UK’s Tesco goes VoIP
p2p news / p2pnet: Tesco, Britain’s largest retailer which started life as a food supermarket, and which is already into consumer electronics, financial and internet service and telecoms, is now getting into the Net phone business.
It’s launching a new VoIPe service that’ll, "put it head to head with the U.K.’s current fixed landline leader with 19 million customers, BT Group," says Forbes.
In line with the company’s "famously lucratively expansion beyond groceries to non-food items," the company is, "now hoping customers will add its $35 handsets, using Voice-over-Internet protocol technology, to their shopping lists," says the story.
UK calls will cost 2p a minute with calls to Canada, US and Australia and to British mobiles costing 10p a minute, says Contractor UK., going on, "Tesco has shown that all of its tariffs for phoning the US, Australia, France and Canada are cheaper than BT’s off peak and peak charges, for customers on the telecom provider’s Together Option 1."
But Tesco’s costing model for Internet calls is less of a bargain than it may first appear.
“Tesco’s pricing is simple, but not particularly cheap – better offers can be found from other VoIP providers (including BT itself for certain types of phone call) so we would expect Tesco to have a longer-term pricing strategy in mind,” the story has telecoms analysist say Ovum saying.
Also See:
Forbes – Tesco’s VoIP Puts Leahy In The Ring With BT, January 20, 2006
Contractor UK – Tesco’s VoIP targets the masses, January 23, 2006






January 24th, 2006 at 5:03 am
This is just another money making scheme.

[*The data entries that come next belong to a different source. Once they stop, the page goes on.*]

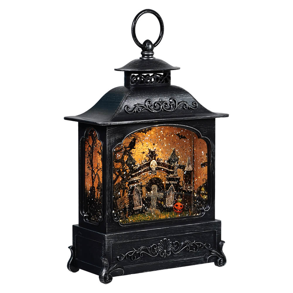 Are you looking for a unique way to bring a bit of spooky fun to your Halloween display? Well look no further than this Lighted Spinning Graveyard Water Lantern! This mesmerizing water lantern is sure to make your friends and family take a second look. The intricately crafted graveyard scene creates an eerie atmosphere, with all sorts of mysterious details that will keep people looking and discovering new features. Whether placed indoors as a center piece or in a collection or placing it on a shelf or table alone, the hauntingly lit-up spinning scene will be sure to add a little extra spookiness to your Halloween festivities! Get ready to immortalize the spirits of the underworld in this lighted spinning graveyard water lantern!
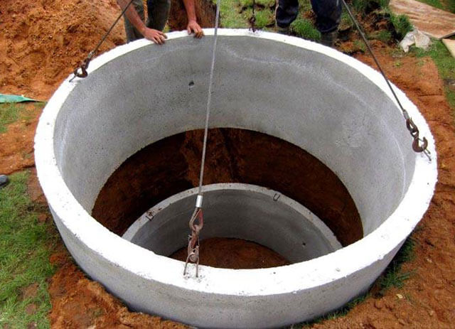 Когда нужно обеспечить на приусадебном участке дренаж — накопительный колодец или иной вид такой конструкции, его можно собрать из железобетонных колец. Их производят из устойчивого к влаге бетона. Размер и диаметр изделий зависит от предназначения сооружаемого объекта. Но при этом глубина их установки должна составлять не меньше двух метров.
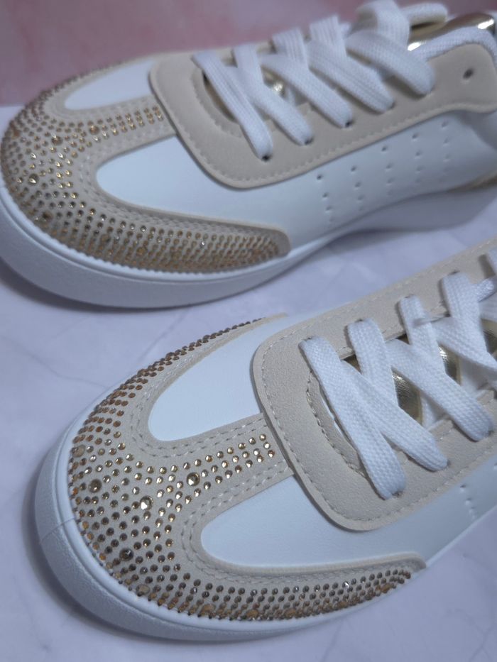 Baskets Femme Blanches & Or - Détails Strass Chic - Neuves Taille 36
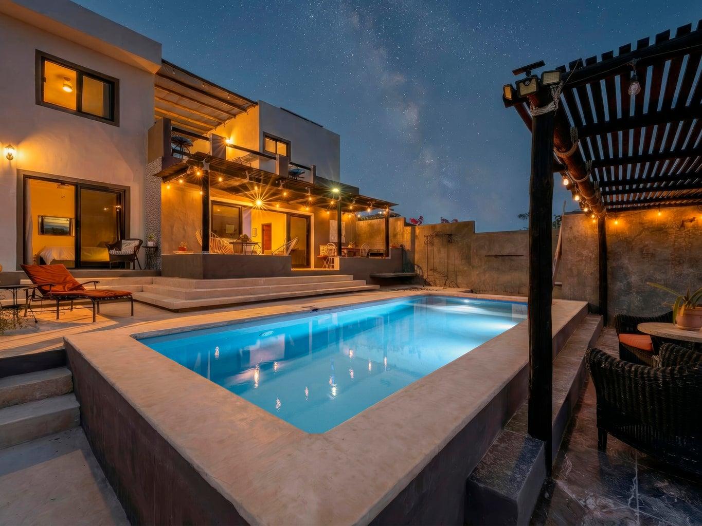 Baja Surf House is a striking contemporary home located in the peaceful East Cape community of Zacatitos, where desert landscapes meet pristine beaches. Built in 2023, this 2-story residence blends modern comfort, sustainability, and effortless indoor-outdoor living — making it ideal as a full-time home, vacation retreat, or high-performing investment property.

If you have broadband, this service should be free. In the end it’s just pushing more data across the copper wires, in the same way you do with your boardband connection, except for a fixed price per month.
The current broadband prices are Telephone line rental + broadband. Which adds up to around 25-30 pounds per month. The line rental is just an addtional charge for the same line service.
If you paided say 15 pounds a month for the line + broadband + calls using voip inclusive, that would be fair. Anything else is just making you pay multiple times for sending data down the same line.